Data Modeling for APIs. Part 2: REST and JSON

In the second part of this series of posts we start looking into the implications of the choice between a SOAP and a REST approach to implementing APIs from a data modeling perspective. For most people a SOAP API is associated with an XML data model, while a REST API is associated with a JSON data model. So before proceeding to explain why this ain’t neccessarily so, let us first see what are the options for modeling in the XML and the JSON world respectively.

JSON is typically perceived as a format whose main advantage is that it is simple and lean: it can be used without knowing or caring about any underlying schema, happily hacking away setting and getting values. It is also considered more lightweight than XML in terms of serialization, as it is less verbose. As JSON has originally evolved as a serialization format for Javascript, this mirrors its primary context of use. Of course it was not long before people realized that the lack of a contract to specify the structure of data exchanged between two points (i.e. a schema) may seem like a benefit at first, but that is not necessarily the case.
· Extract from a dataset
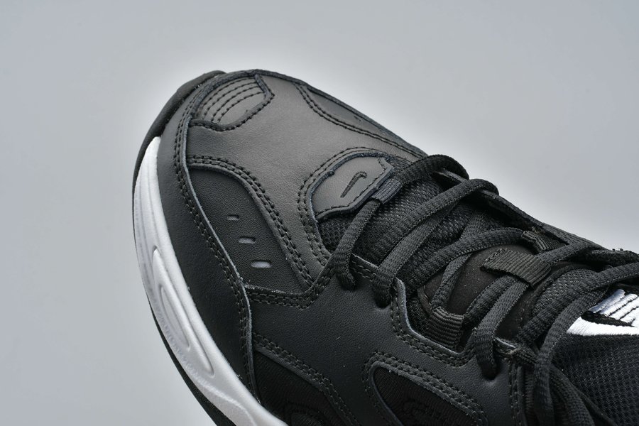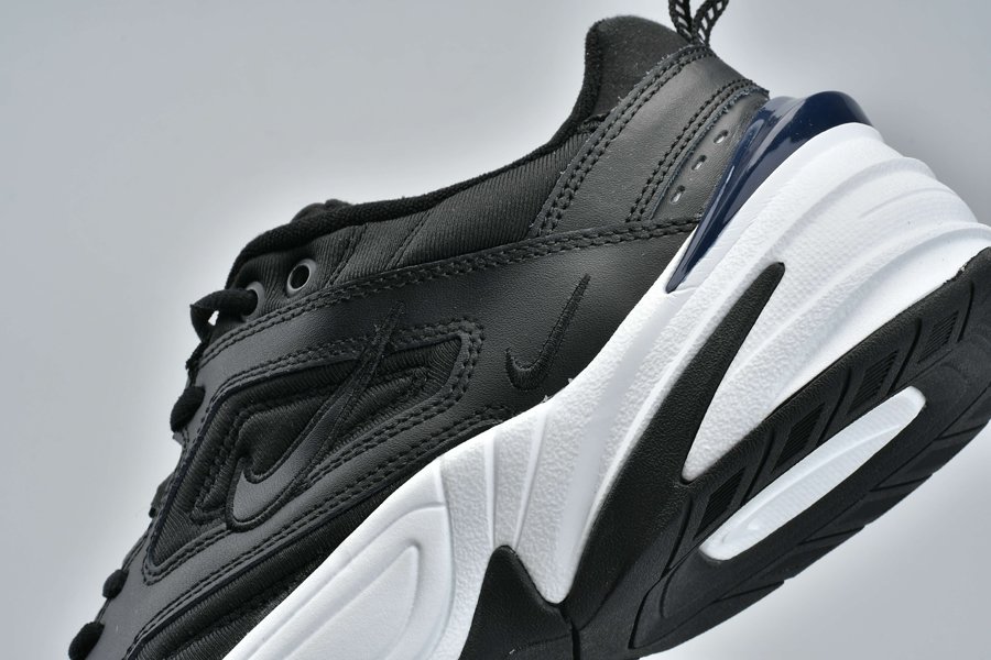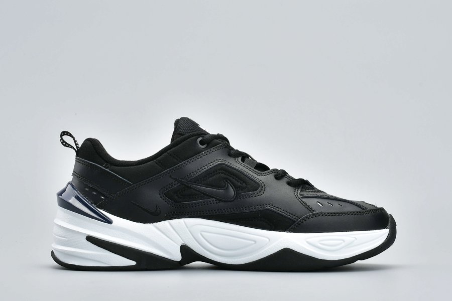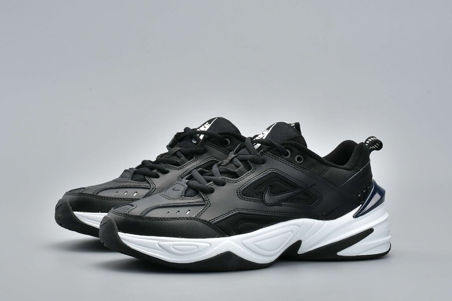 The new colorway features a tonal black upper with layered leather and synthetic paneling, while a bulky white midsole and black outsole lifted from the legendary Air Monarch provide contrast. You can’t have a true modern-day dad shoe without a little touch of flair however, and this Tekno’s flair arries via its obsidian blue plastic heel piece, white Nike logo hit on the tongue, and small white notches on the heel tab.

This approach may work when the exchanged structures are simple and stable and the parties in charge of the two points that communicate are able to sync and maintain a common understanding of the shared data objects without a formal specification. But for a big part of real-life situations this set of conditions is simply not possible to meet and the situation will sooner or later escalate to a maintenance nightmare. Hence, the need for a schema became evident in the JSON world and voila – JSON Schema enters the picture.
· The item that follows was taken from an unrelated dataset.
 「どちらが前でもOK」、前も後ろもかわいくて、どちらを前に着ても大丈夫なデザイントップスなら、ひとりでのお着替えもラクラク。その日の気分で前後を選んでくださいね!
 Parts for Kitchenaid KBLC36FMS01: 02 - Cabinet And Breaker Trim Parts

Besides the related debate, as for certain people/situations the use of schema does not seem to make sense, the approach to using JSON Schema is different than the one to using XML Schema. First of all, the choice of tooling support is considerably less than its counterpart for XML Schema, and it’s not hard to imagine why: it’s a format that has been around for a shorter time than XML and is used in situations where the existence of a schema is not always deemed necessary.

But what is perhaps even more important is that these tools seem to work in a kind of reverse / retrospective logic: you feed it some template in the form of JSON fragments, and they will reverse-engineer a schema out of it. Since this approach is not always enough to generate a complete schema, the outcome can then be edited manually to include missing specifications. There are also a couple of visualization tools / hacks available to attend to the need to get a quick overview of a schema.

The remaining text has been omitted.